The governor urged the peace committee to ensure that the political actors would not only sign the accord, but to persuade them to see the need to ensure peace in the state.
The All Progressives Congress (APC) candidate, Mr Osagie Ize-iyamu, promised to talk to his supporters to conduct themselves in a manner to achieve peaceful poll.
“We will do our best to ensure that the election is peaceful.
“We support free, fair and credible elections. We believe that is the only way that we can sustain our democracy.
“We want to assure all our dignitaries that, by the grace of God, the election is going to be very peaceful. We thank you and we are grateful,” Ize-Iyamu said.
A member of YIAGA Africa’s board, Ezenwa Nwagu, described the accord as necessary, following the previous narrative that suggested the drums of war in the election.

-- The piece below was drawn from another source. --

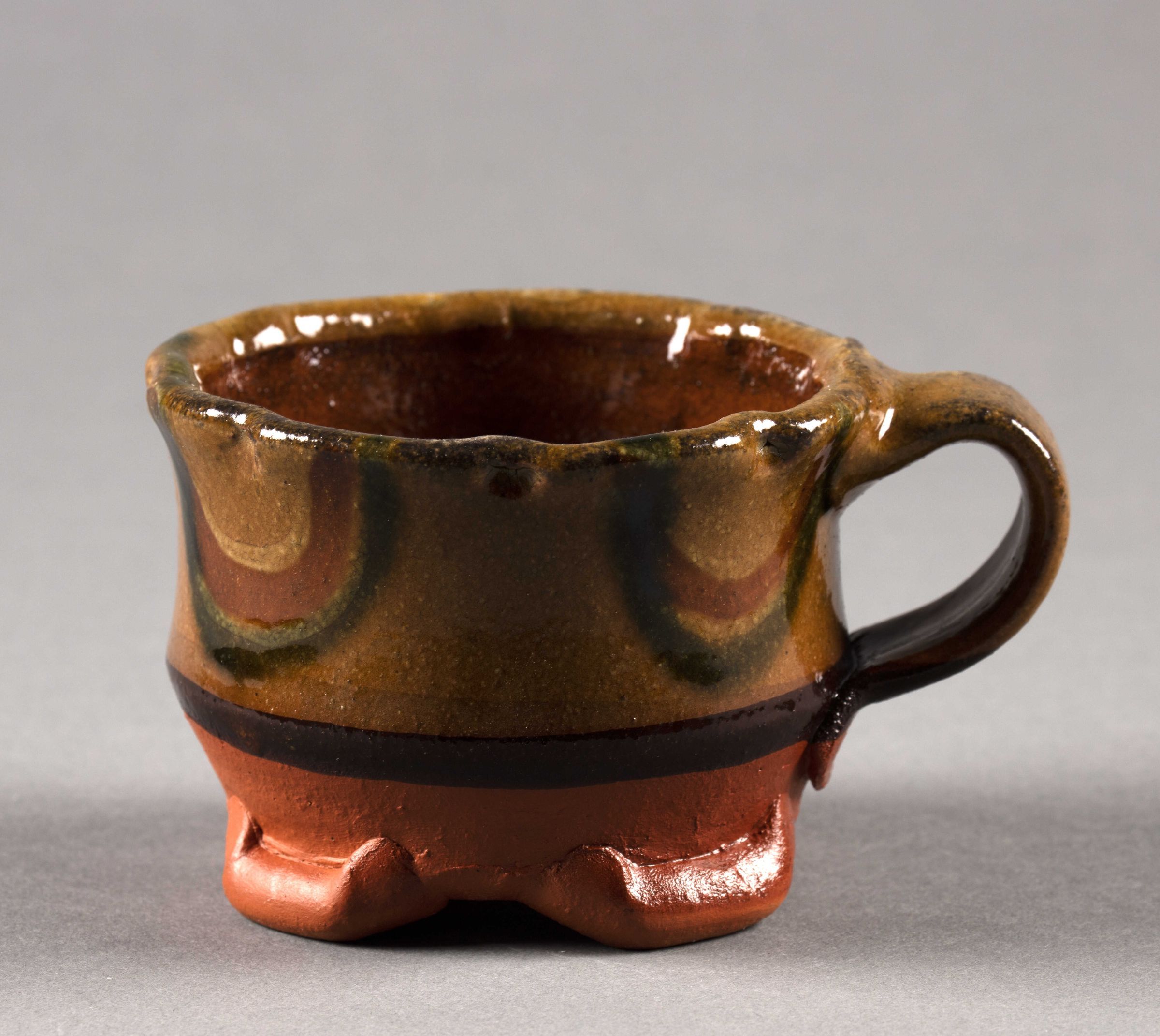 Earthenware with glaze and oxide wash. Orange colored short mug, four rectangular feet around base. Semi circles extending from rim on outside in red/black. Slightly scalloped rim. Black line separating glazed section at top and clay section on bottom.Made/Created

Nwagu expressed optimism that next Edo governor emerge would through credible and peaceful election.
While elections are seen as the largest administrative undertakings in democratic societies with a major financial burden on all stockholders, political actors should know that the consequences of electoral violence are enormous on the government, the society and the people, some analysts note.
All are, therefore, expected to promote peace in Edo as election-related violence will not only squander available resources but cause destruction of communities and infrastructure with negative economic and development impacts on the nation.